Par des mémoires en défense, enregistrés les 19 février 2026 et 8 avril 2026, la FFF, représentée par la SARL Matuchansky, Poupot et Valdelièvre, conclut au rejet de la requête et à ce que soit mise à la charge de la SASP Paris Saint-Germain Football une somme de 4 000 euros en application de l’article L. 761-1 du code de justice administrative.
Elle soutient que les moyens de la requête ne sont pas fondés.
Vu les autres pièces du dossier.
Vu :
- le code des relations entre le public et l’administration ;
- le code du sport ;
- les règlements généraux de la Fédération française de football ;
- le code de justice administrative.
Les parties ont été régulièrement averties du jour de l’audience.
Ont été entendus au cours de l’audience publique :
- le rapport de M. Buron,
- les conclusions de M. Rezard, rapporteur public,
- les observations de Me Moyersoen pour la société requérante,
- et les observations de Me Poupot pour la Fédération française de football.
Considérant ce qui suit :
Le 16 septembre 2023, l’équipe du Havre football club (Havre FC) a reçu celle du club du Paris Saint-Germain dans le cadre de la quatrième journée du championnat national U19 organisé par la Fédération française de football (FFF). Par décision du 5 octobre 2023, la commission fédérale de discipline de la FFF a infligé à la société anonyme sportive professionnelle (SASP) Paris Saint-Germain Football une amende de 800 euros au motif que des supporters du club avaient, à l’occasion de cette rencontre, fait usage d’engins pyrotechniques. Par décision du 21 novembre 2023, la commission supérieure d’appel de la FFF a confirmé la sanction prononcée. La SASP Paris Saint-Germain Football a saisi le 22 décembre 2023 le Comité national olympique et sportif français à fin de conciliation, conformément aux dispositions de l’article R. 141-5 du code du sport. La conciliatrice a émis le 29 février 2024 une proposition de conciliation consistant en le maintien de la sanction prononcée par la commission supérieure d’appel de la FFF. La SASP Paris Saint-Germain Football, qui a refusé cette proposition le 11 mars 2024, demande au tribunal d’annuler la décision précitée du 21 novembre 2023 par laquelle la commission supérieure d’appel de la FFF lui a infligé une amende de 800 euros.

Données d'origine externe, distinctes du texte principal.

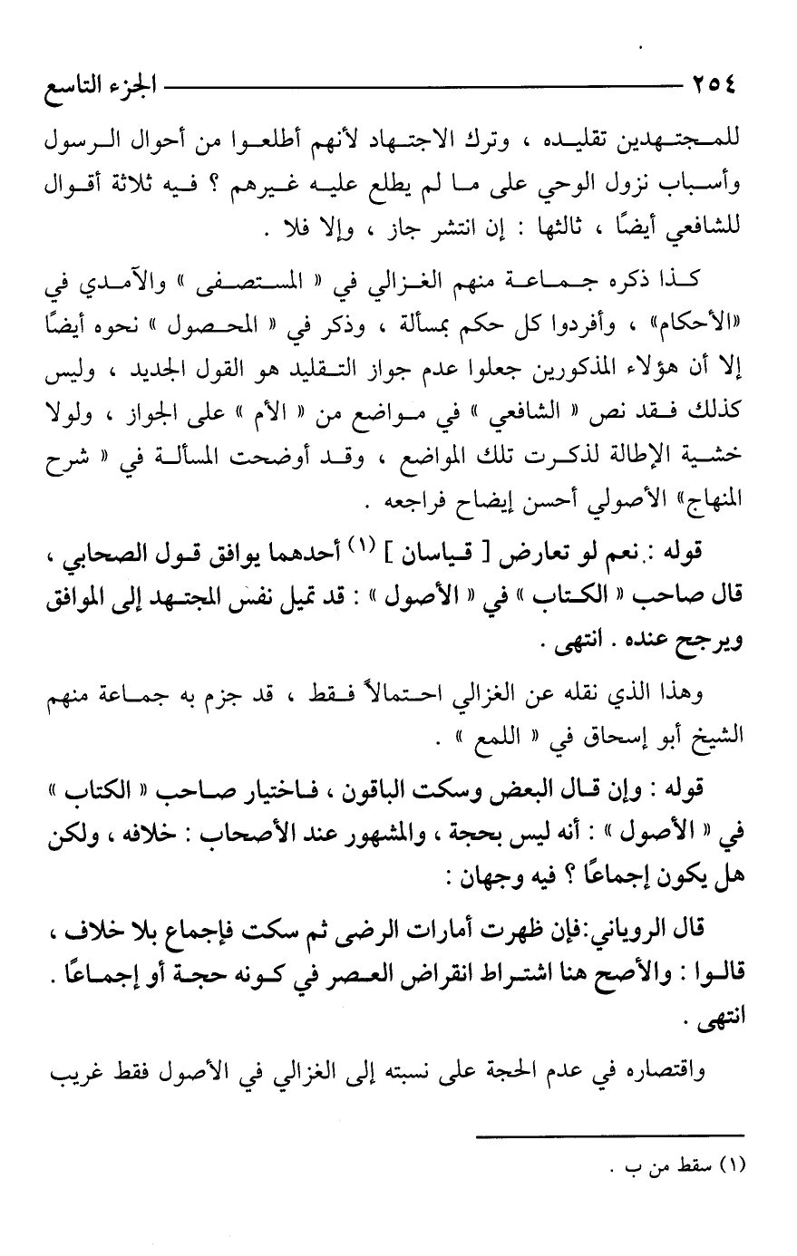 كذا ذكره جماعة منهم الغزالي في "المستصفى" والآمدي في "الأحكام"، وأفردوا كل حكم بمسألة، وذكر في "المحصول" نحوه أيضًا إلا أن هؤلاء المذكورين جعلوا عدم جواز التقليد هو القول الجديد، وليس كذلك فقد نص "الشافعي" في مواضع من "الأم" على الجواز، ولولا خشية الإطالة لذكرت تلك المواضع، وقد أوضحت المسألة في "شرح المنهاج" الأصولي أحسن إيضاح فراجعه.
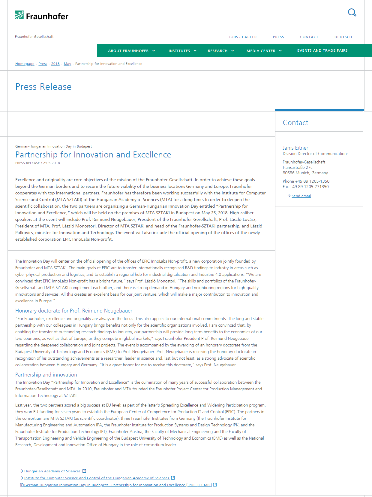 Excellence and originality are core objectives of the mission of the Fraunhofer-Gesellschaft. In order to achieve these goals beyond the German borders and to secure the future viability of the business locations Germany and Europe, Fraunhofer cooperates with top international partners. Fraunhofer has therefore been working successfully with the Institute for Computer Science and Control (MTA SZTAKI) of the Hungarian Academy of Sciences (MTA) for a long time. In order to deepen the scientific collaboration, the two partners are organizing a German-Hungarian Innovation Day entitled “Partnership for Innovation and Excellence,” which will be held on the premises of MTA SZTAKI in Budapest on May 25, 2018.
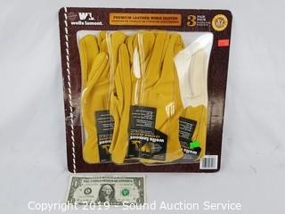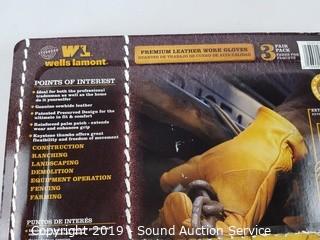 Lot #0185: 3pk Wells Lemont Premium Leather Work Gloves S:XL
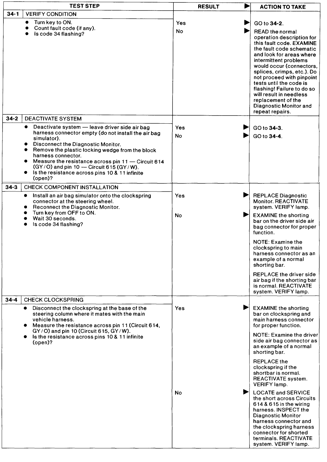 The diagnostic monitor measures the resistance across pin 10 (Circuit 615, GY/W) and pin 11 (Circuit 614, GY/O) every time the ignition switch is turned to the ON position. Normal resistance across these circuits is between 1.5 and 2.0 ohms. This resistance comes from the air bag itself (approximately 1.0 ohms ) and the clock-spring winding's (0.3 to 0.4 ohms per winding, two winding's in all). If the resistance across these two circuits is less than 0.7 ohms, the diagnostic monitor will flash code 34 on the air bag lamp.
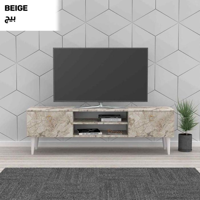 - طاولة تلفزيون ديكورية تساعد على رفع مستوى ديكور غرفة المعيشة.
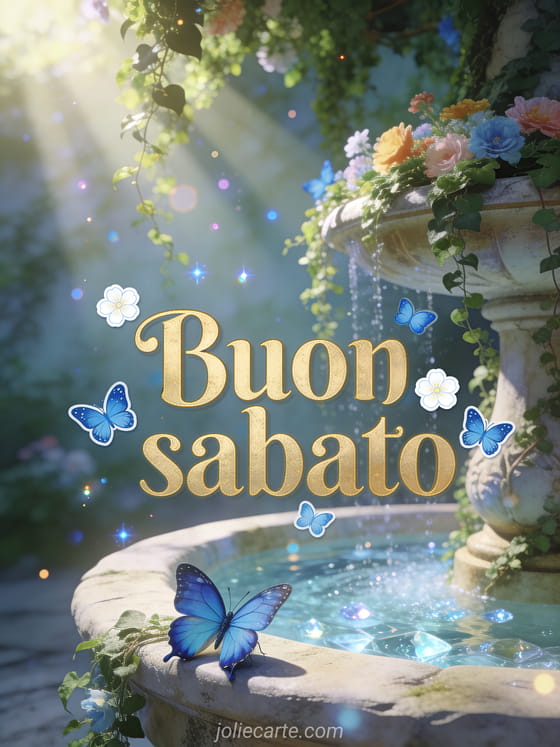 Invia un saluto incantevole di buon sabato con eleganti scritte dorate antiche, fiori bianchi, farfalle blu e una vecchia fontana coperta d'edera con acqua cristallina e farfalla morpho blu. Puoi vedere anche questa buongiorno buon sabato buona giornata, questi buon sabato e buon weekend baci o questa buon sabato buon weekend immagine.
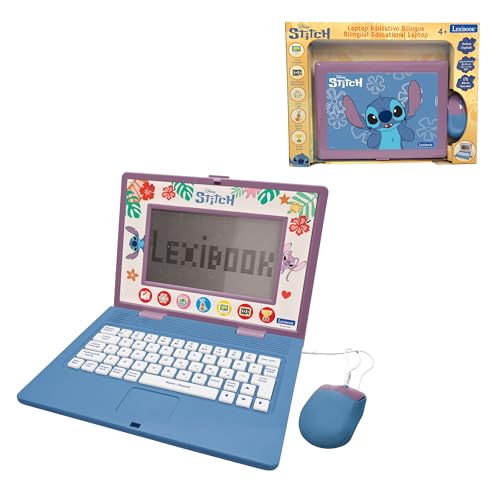LEXIBOOK, Disney Stitch JC598Di2 Ordinateur éducatif bilingue en Anglais/Espagnol, 124 activités de Langue, écriture, mathématiques, logique, Musique et Jeux pour garçons et Filles
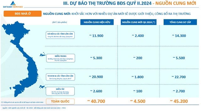 Chuyên gia DXS ước tính, nguồn cung mới tăng thêm khoảng 25% so với quý 1/2024, chủ yếu là từ các dự án đã mở bán hoặc đã khởi công trong giai đoạn trước đó. Dự kiến nguồn cung sản phẩm mới (chỉ thống kê từ các dự án đã có kế hoạch mở bán) vào khoảng 4,500 sản phẩm, đưa tổng nguồn cung tích lũy của toàn thị trường quý 2/2024 lên 45,200 sản phẩm. Nguồn cung tăng giúp cho khách hàng có thêm đa dạng sự lựa chọn, và cũng góp phần cải thiện mức hấp thụ, cũng như tình hình giao dịch chung trên thị trường.
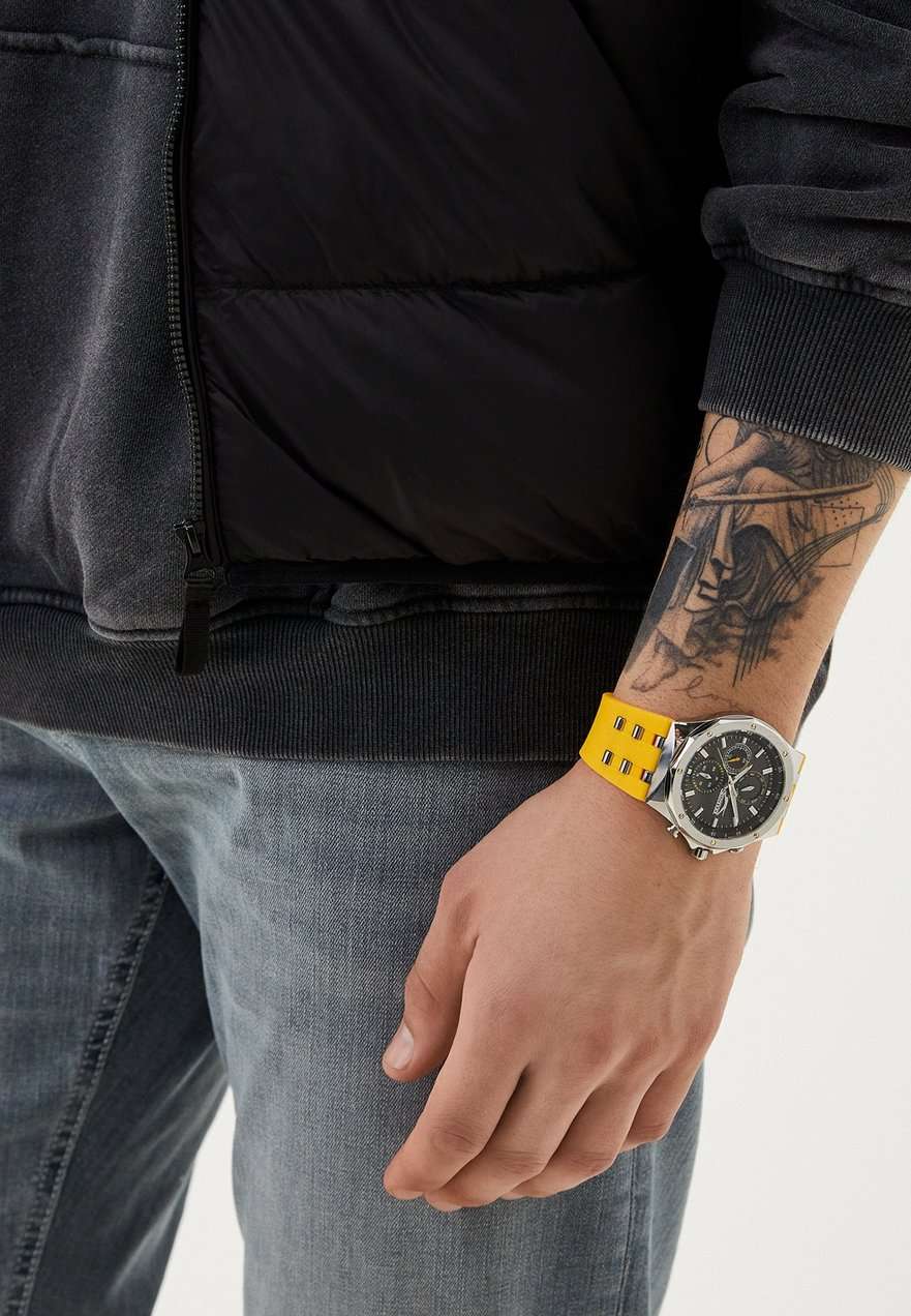 Мужские наручные часы Slazenger SL.09.2218.2.05 — идеальный аксессуар для тех, кто ценит стиль и функциональность. Эти часы, созданные известным британским брендом, отличаются высоким качеством и надежностью. Оснащенные кварцевым механизмом, они гарантируют точность хода и долгий срок службы. Корпус часов выполнен из прочного металла, а черный циферблат защищен минеральным стекломМинеральное стеклоМинеральное стекло представляет собой искусственно выращенный минерал кварца. Такое стекло отличается особой устойчивостью к повреждениям и царапинам. Уступает по некоторым качествам сапфировому стеклу., устойчивым к царапинам и повреждениям. Желтый резиновый ремешок с металлическими вставками и классической застежкой обеспечивает комфортное ношение и надежную фиксацию на запястье. Диаметр корпуса составляет 46 мм, а толщина — 12 мм, что придает часам современный и стильный вид. Благодаря водозащите уровня WR 50, вы можете не беспокоиться о случайных попаданиях влаги, что делает эти часы идеальными для повседневного использования. Стрелки снабжены люминесцентным покрытиемЛюминесцентное покрытиеПозволяет считывать показания времени в темноте. Производители наносят на стрелки, часовые индексы, безель или поверхность циферблата светонакопительный состав, дающий холодное свечение., что позволяет легко считывать время в темноте. Функциональность модели включает в себя отображение даты, дня недели и времени в 24-часовом формате на дополнительных малых циферблатах, что делает часы не только стильными, но и практичными.

Sur les conclusions à fin d’annulation :
En ce qui concerne la légalité externe :
En premier lieu, aux termes de l’article 8 des règlements généraux de la Fédération française de football applicables à la saison 2019-2020 : « 1. La Commission Supérieure d’Appel, ainsi que son Président et ses deux vice-présidents, est nommée par le Comité Exécutif pour 4 ans. Elle siège selon deux configurations spécifiques : – Une configuration chargée d’examiner les appels portant sur des décisions à caractère disciplinaire, rendues en premier ressort par une Commission de la L.F.P. ; – Une configuration chargée d’examiner les appels provenant des Commissions Fédérales, hormis les exceptions visées à l’article 7 des présents règlements ayant leur propres Commissions d’appel, et des Ligues Régionales conformément au Règlement Disciplinaire. / Le Président de la Commission Supérieure d’Appel préside ces deux configurations, assisté dans chacune d’elles d’un vice-président. Les deux vice-présidents sont membres des deux configurations. / Chaque configuration comprend en son sein, au minimum un représentant de la Commission Fédérale des Arbitres et un représentant de la Commission Fédérale des Educateurs et Entraineurs de Football. (…) ». Aux termes de l’article 3.2.1 du règlement disciplinaire de la FFF : « Les organes disciplinaires se réunissent soit selon un calendrier préétabli, soit sur convocation de leur président ou de la personne qu’il désigne à cet effet. Les organes disciplinaires délibèrent valablement lorsque trois membres au moins sont présents. Les décisions sont prises à la majorité simple des présents. En cas de partage égal des voix, celle du président de séance est prépondérante. En cas d’absence du président, un membre désigné par les membres présents préside les débats. Le président de séance de l’organe disciplinaire désigne soit un membre de celui-ci, soit une autre personne pour assurer les fonctions de secrétaire de séance. »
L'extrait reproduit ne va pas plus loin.